Der Cellist, Samuel Shepherd, jedoch nahm sogleich das Mikrofon in die Hand und begann in klangschönem, sehr britischen Englisch den Abend zu moderieren, dabei gänzlich frei sprechend. Eine Übersetzung gab es nicht, sicher hat nicht jede Person im Saal akustisch oder sprachlich alles verstanden. Immerhin gab es wiederholt Reaktionen des Publikums auf witzige Passagen.
Der Kammermusikabend ohne deutsche Texte – bis auf die Ansage der Geigerin Lea Hausmann zur Zugabe Fritz Kreislers – nimmt seinen Lauf mit Ludwig van Beethovens Klaviertrio Es-Dur op. 1, Nr. 1. Nur wer solche Bezeichnungen genau liest oder das Stück schon kennt, hätte gewußt, worauf Shepherd gleich zu Beginn hinweist: Hier hat Beethoven von seinem Gesamtwerk, wie er es sehen wollte, das allererste Opus als solches gekennzeichnet. Und damit nicht genug.
In Bonn geboren und aufgewachsen, macht der junge Beethoven sich noch während der Entstehung dieses Trios auf nach Wien. Erst dort, umgeben von Cafés, der Musik Joseph Haydns wie Wolfgang Amadeus Mozarts, welch ersterer eben etliche Klavier-Trios geschrieben hatte, vollendet Beethoven sein Werk. Der Ton ist klassisch, aber nicht nur. Schon die Folge von vier Sätzen sei aus dem bisherigen Rahmen fallend. Doch anders als der Beethoven, der für Melancholie bekannt sei, könnten wir hier einen heiteren, das Abenteuer suchenden Komponisten hören.
Hybrid ist nicht nur die Situation: hier ein deutschsprachiges Programm, auf der Bühne ein Englisch sprechender Cellist. Auch nutzen die beiden Streicher herkömmliche Notenausgaben, während die Pianistin mit einem Tablet arbeitet. Deshalb steht ihr kein Mensch beim Umblättern bei.
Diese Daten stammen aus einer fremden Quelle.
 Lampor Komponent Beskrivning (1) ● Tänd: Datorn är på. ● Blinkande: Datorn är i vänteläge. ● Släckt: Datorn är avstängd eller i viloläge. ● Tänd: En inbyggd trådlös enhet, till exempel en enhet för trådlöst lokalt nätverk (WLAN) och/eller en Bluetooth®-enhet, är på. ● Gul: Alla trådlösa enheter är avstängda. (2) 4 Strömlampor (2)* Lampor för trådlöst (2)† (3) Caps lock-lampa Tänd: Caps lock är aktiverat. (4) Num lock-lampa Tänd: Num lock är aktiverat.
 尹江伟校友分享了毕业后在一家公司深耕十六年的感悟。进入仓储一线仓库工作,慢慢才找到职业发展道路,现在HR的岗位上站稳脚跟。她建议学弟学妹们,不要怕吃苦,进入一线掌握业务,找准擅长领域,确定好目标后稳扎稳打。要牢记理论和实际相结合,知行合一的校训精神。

Wer einmal Mozarts „Kegelstatt-Trio“, ebenfalls in Es-Dur, für Klarinette, Viola und Klavier gehört hat, findet vielleicht rascher in die Wiener Stimmung hinein, die Beethoven hier entwirft – ja Entwurf, Skizze sind die passenden Ausdrücke, denn nur selten wird der Klang plakativ, großflächig wie beim späteren Beethoven vor allem, aber nicht nur im sinfonischen Werk.
Bei Mozart ist die Besetzung hybrid, unerwartet, offenbar „zusammengewürfelt“. Bei Beethoven sind es die Klänge, die solistisch manchmal so schmal ertönen, als seien sie wie einzeln dahin getupft, nicht nur beim Pizzicato, dem Zupfen, der Streicher.
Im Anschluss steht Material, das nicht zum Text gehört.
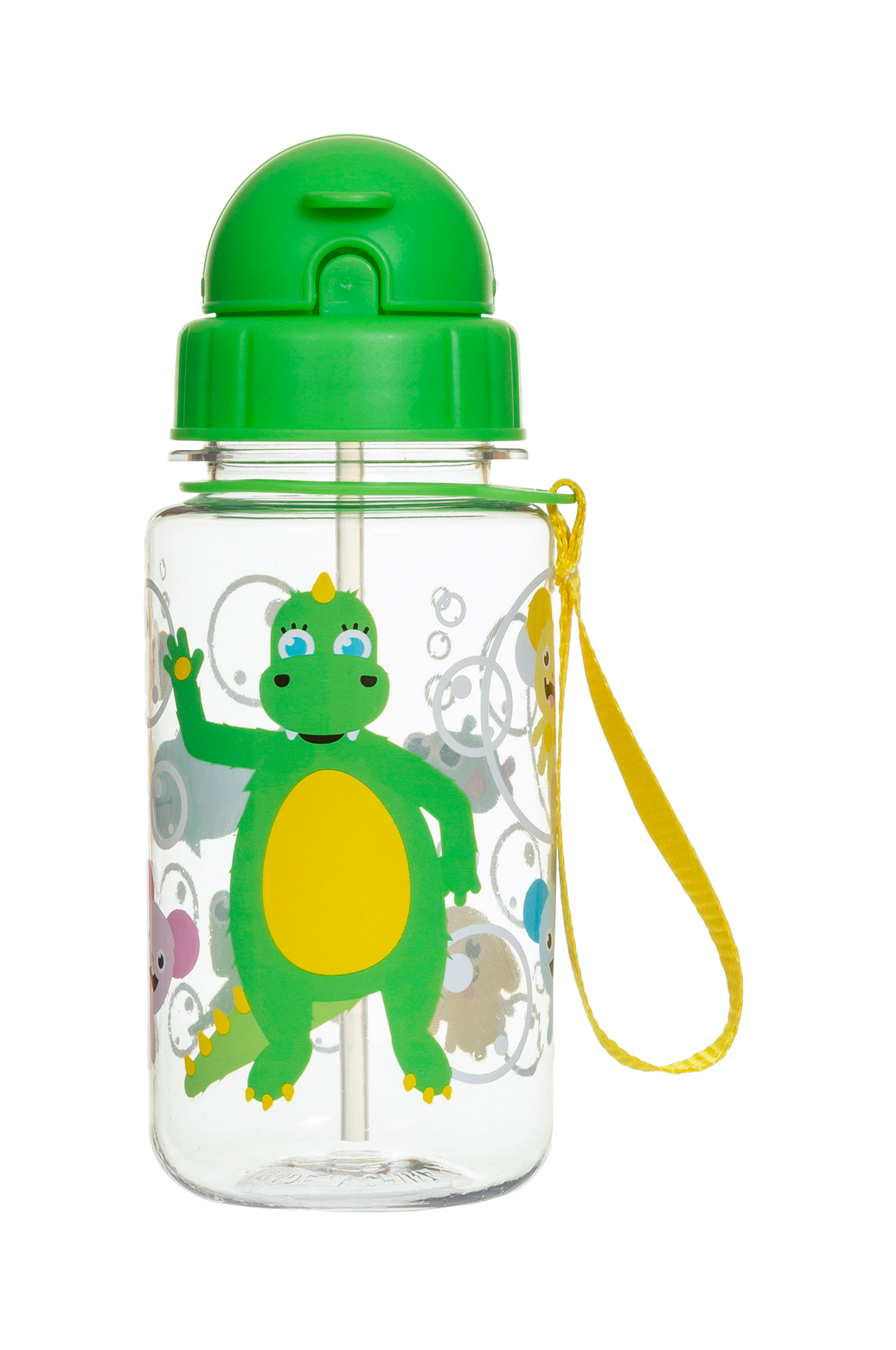 En smart design med ett barnvänligt lock som är lätt att både öppna och stänga. När du fäller ner locket följer sugröret med och blir inkapslat så att ingenting läcker. Runt flaskan sitter ett band som gör det lätt för barnet att bära flaskan eller hänga den på ryggsäcken.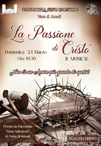 Nell’ambito delle iniziative pasquali, la parrocchia Gesù Salvatore di Vena di Jonadi – guidata da don Roberto Carnovale – promuove il musical “La passione di Cristo”. L’appuntamento è in programma il 24 marzo alle ore 19.30 e vanta la partecipazione di 70 tra cantati, attori e figuranti. Previsto il contributo dei parrocchiani (circa 100 persone tra bambini, giovani, adulti) e la presenza di seminaristi e membri del clero tra diaconi e presbiteri. La regia è affidata alla maestra Antonella Furfaro della scuola d’arte “Armus Lab”. Hanno contribuito all’allestimento del musical: la pro loco Jonadi, le comunità di Pannaconi, Favelloni e San Giovanni di Zambrone. Tra i personaggi principali figurano: narratore (don Roberto), Gesù (diacono Filippo Emanuele Grillo), Maria Madre di Gesù (Antonella Furfaro), Giovanni (presbitero Gerardo Furlano), Maria Maddalena (Lucia Cambareri), Pilato (Danilo Palermo), Giuda (Vincenzo Barbieri), Veronica (Lucia Caparra), Cireneo (Marcello Svarmato). Hanno lavorato alla perfetta uscita della sacra rappresentazione: Eugenio Rossi (scenografo), il gruppo collaboratrici parrocchiali (abiti) e Antonella Corso della sartoria “Creo e taglio”.

Sodann folgt ein Arrangement des Klaviervirtuosen Franz Liszt, der ein Stück Programmusik bietet. Es sei angemerkt, all diese Hinweise sind wie wortwörtliche Reminiszenzen an den mündlichen Vortrag von Samuel Shepherd, nur erfolgen sie jetzt auf Deutsch – hybrid höre ich im Kopf ihn noch Englisch parlieren.
Schon der Titel „Vallée d’Obermann“ kommt mir bekannt vor. Ich mußte selbst vor einigen Monaten den Autor dieses Romans suchen, weil Oscar Wilde, im Jahr 1899, nur noch umher irrend, also auch in der Schweiz nicht heimisch werdend, die Figur des Obermann in einem Brief anspricht. Hier das Text-Blatt für den Oscar-Wilde-Kalender 2025:
An Louis Umfreville Wilkinson (1881–1966), damals an der Radley School, später selbst Verfasser von Romanen und anderen Schriften, der 1953 öffentlich
einräumt, Wilde unter einem Vorwand, den Roman The Picture of Dorian Gray zu dramatisieren, was nie geschah, angeschrieben zu haben.
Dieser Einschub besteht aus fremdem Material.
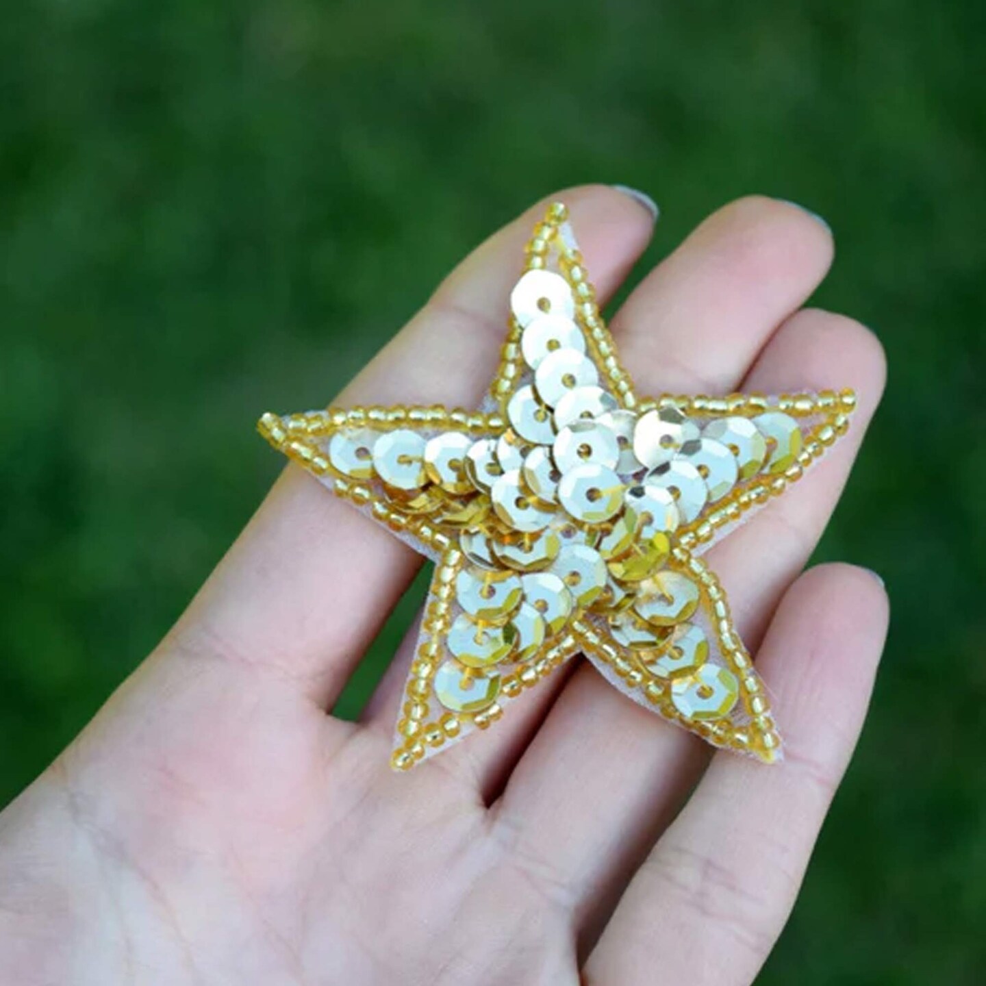 5 Large 3" Gold Star Sequin Beaded Iron On Patches for Jackets DIY Crafts Party Decor

Complete Letters, S. 1109/1110.
Poststempel, 20. März 1899
Gland, Schweizerland
“[…] An den Ufern ist der See von Kiefern gesäumt, doch ich mag das Schweizerland nicht: es hat nichts als Theologen und Kellner hervorgebracht; Amiel und Obermann sind Typen der Sterilität. Ich schreibe das alles dem Mangel an körperlicher Schönheit der ‘Rasse’ zu; sie sind formlos, farblos: grau in der Textur, und bar der Form. Die schönen ‘Rassen’ sind die großen ‘Rassen’: hier sind sie wie Höhlenmenschen: kein Impuls geboren aus dem Glanz körperlicher Vollkommenheit hat ihnen je innegewohnt; ihr Vieh ist ausdrucksstärker.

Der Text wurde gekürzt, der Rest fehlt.